- PROBLEM -
Reproduce only what runs from the line containing "ブランコがあってその背後には立小便禁止の張り紙が。" to the line containing "According to Equation" in the records below, inclusive. Keep it exact, and keep the pictures out.

- DATA -
★ ★ ★ ★ ★ ★ ★

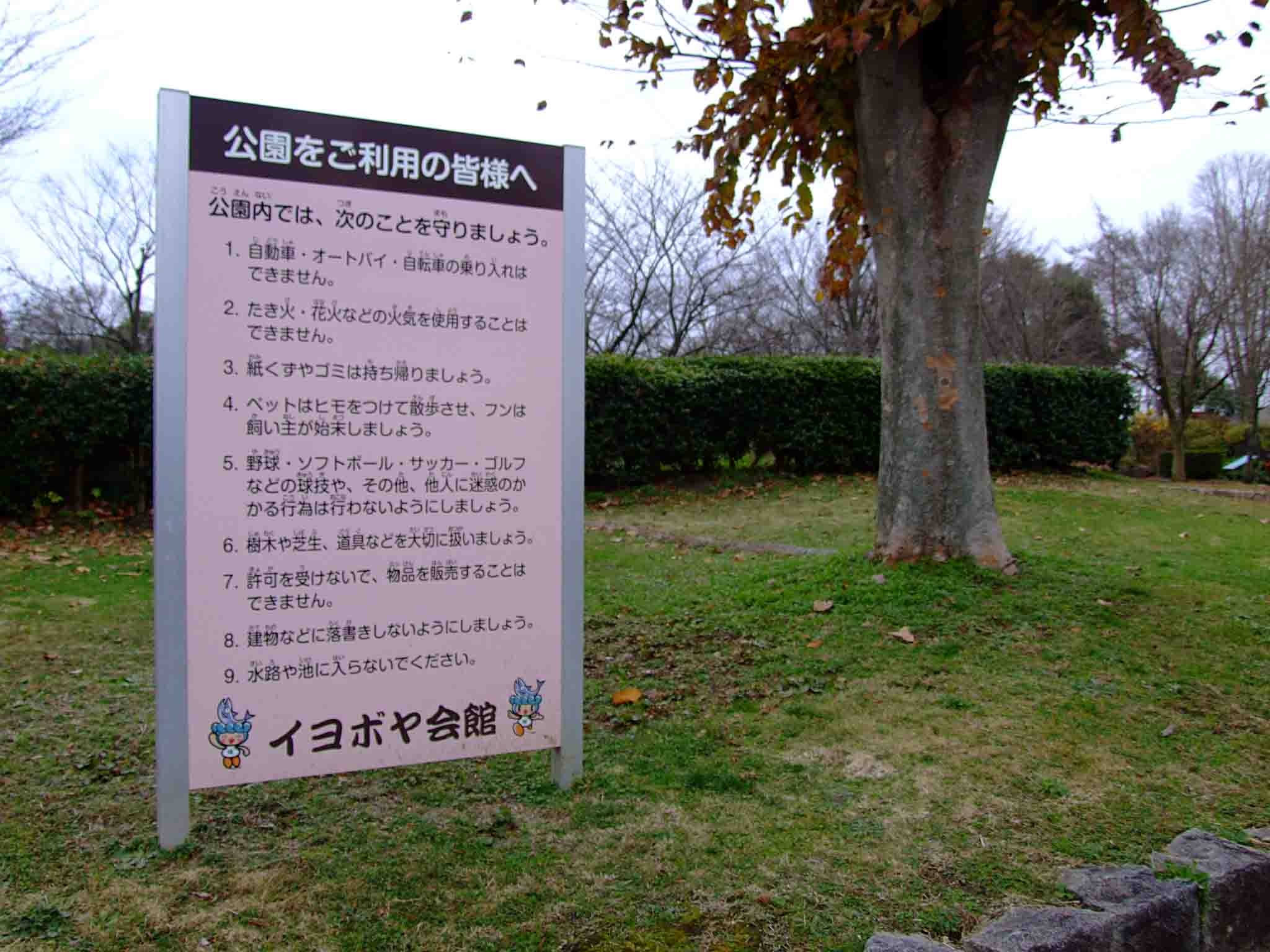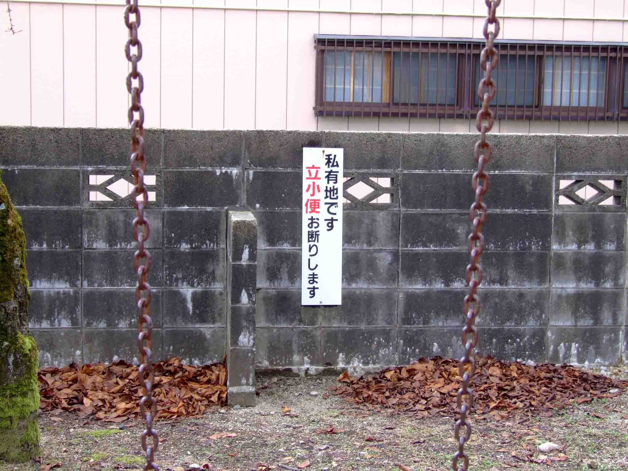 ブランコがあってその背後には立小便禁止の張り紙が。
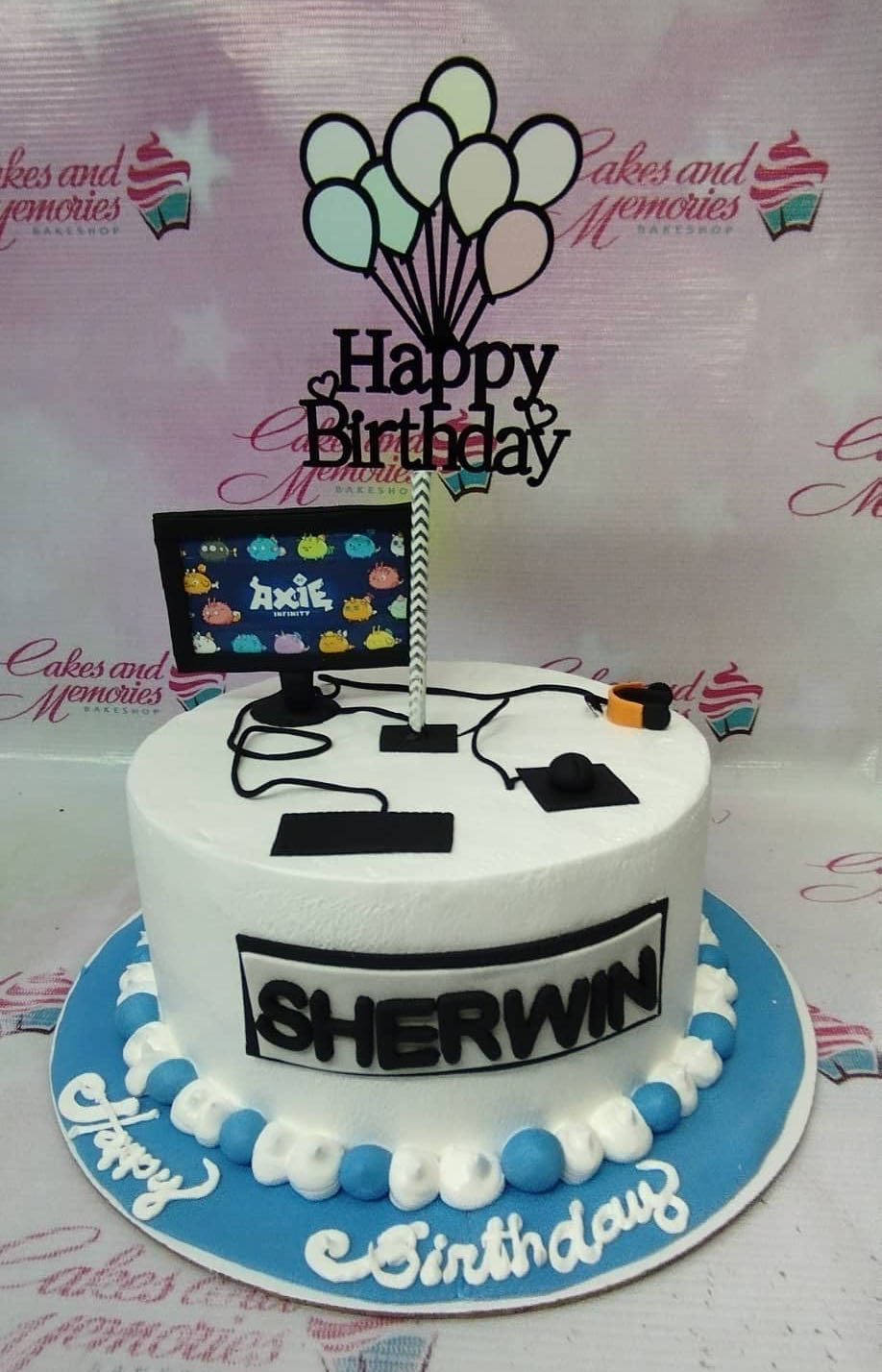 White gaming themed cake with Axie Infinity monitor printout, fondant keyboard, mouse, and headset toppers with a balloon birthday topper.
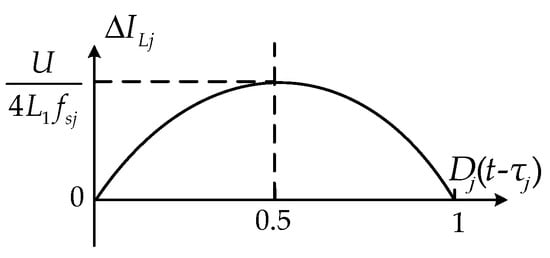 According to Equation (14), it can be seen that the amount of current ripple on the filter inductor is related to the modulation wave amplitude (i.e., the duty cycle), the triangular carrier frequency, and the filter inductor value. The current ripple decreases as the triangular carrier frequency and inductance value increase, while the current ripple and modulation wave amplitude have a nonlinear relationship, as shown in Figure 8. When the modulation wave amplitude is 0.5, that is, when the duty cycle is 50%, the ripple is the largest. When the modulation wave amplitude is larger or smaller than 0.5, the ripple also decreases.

★ ★ ★ ★ ★ ★ ★

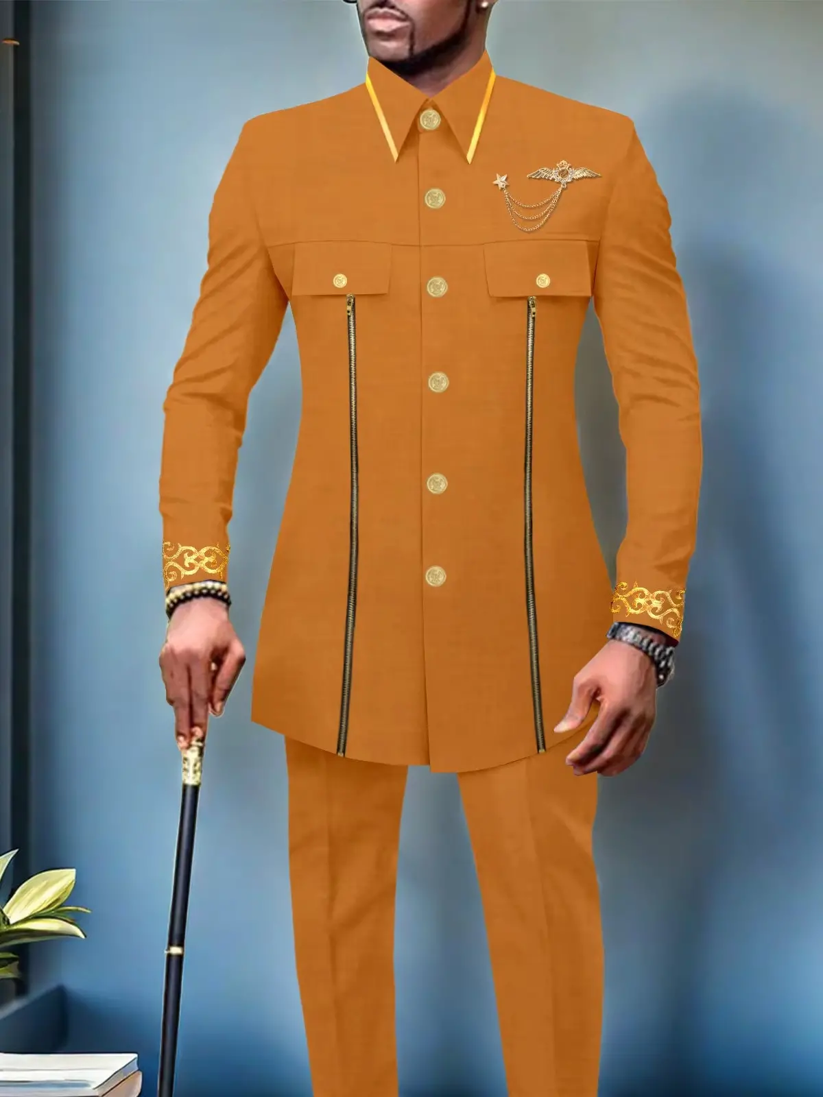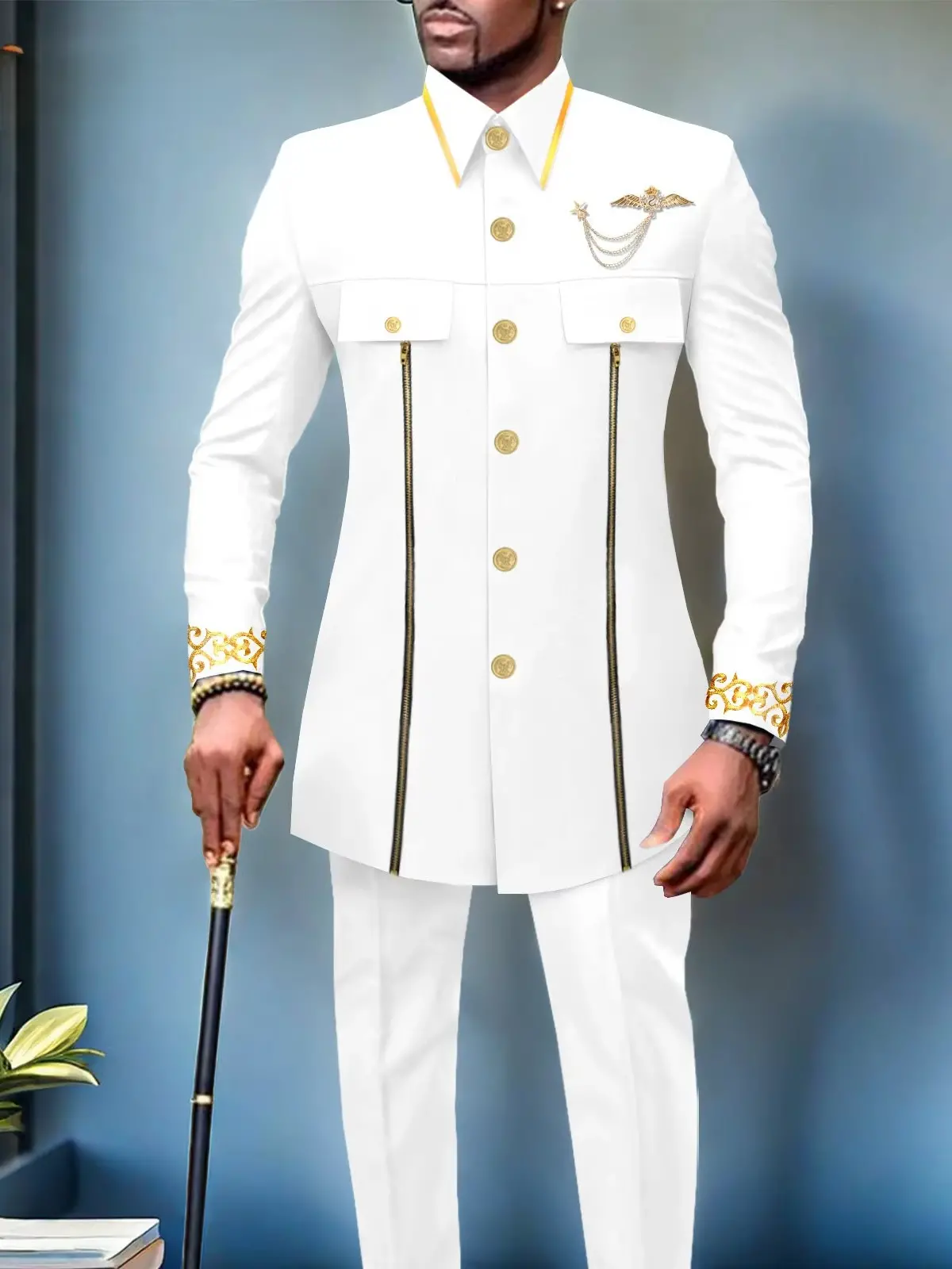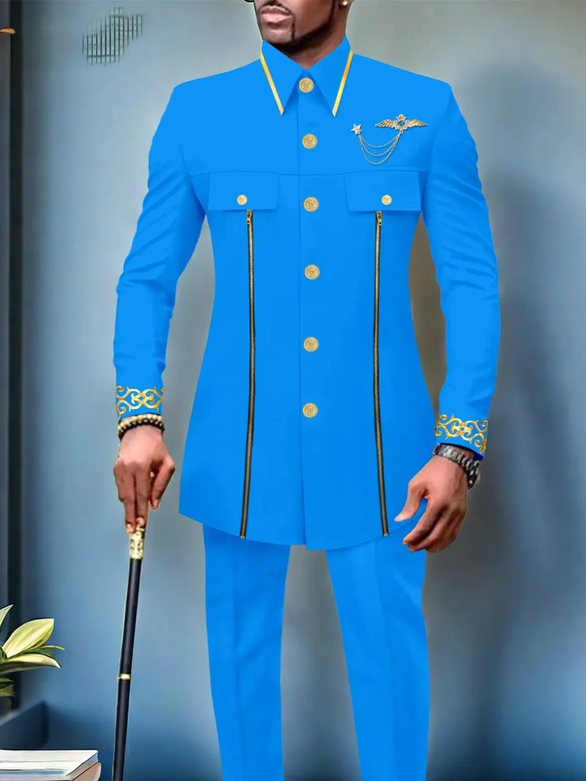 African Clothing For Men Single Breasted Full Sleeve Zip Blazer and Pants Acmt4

★ ★ ★ ★ ★ ★ ★

- PROBLEM SOLUTION -
 ブランコがあってその背後には立小便禁止の張り紙が。
 White gaming themed cake with Axie Infinity monitor printout, fondant keyboard, mouse, and headset toppers with a balloon birthday topper.
 According to Equation (14), it can be seen that the amount of current ripple on the filter inductor is related to the modulation wave amplitude (i.e., the duty cycle), the triangular carrier frequency, and the filter inductor value. The current ripple decreases as the triangular carrier frequency and inductance value increase, while the current ripple and modulation wave amplitude have a nonlinear relationship, as shown in Figure 8. When the modulation wave amplitude is 0.5, that is, when the duty cycle is 50%, the ripple is the largest. When the modulation wave amplitude is larger or smaller than 0.5, the ripple also decreases.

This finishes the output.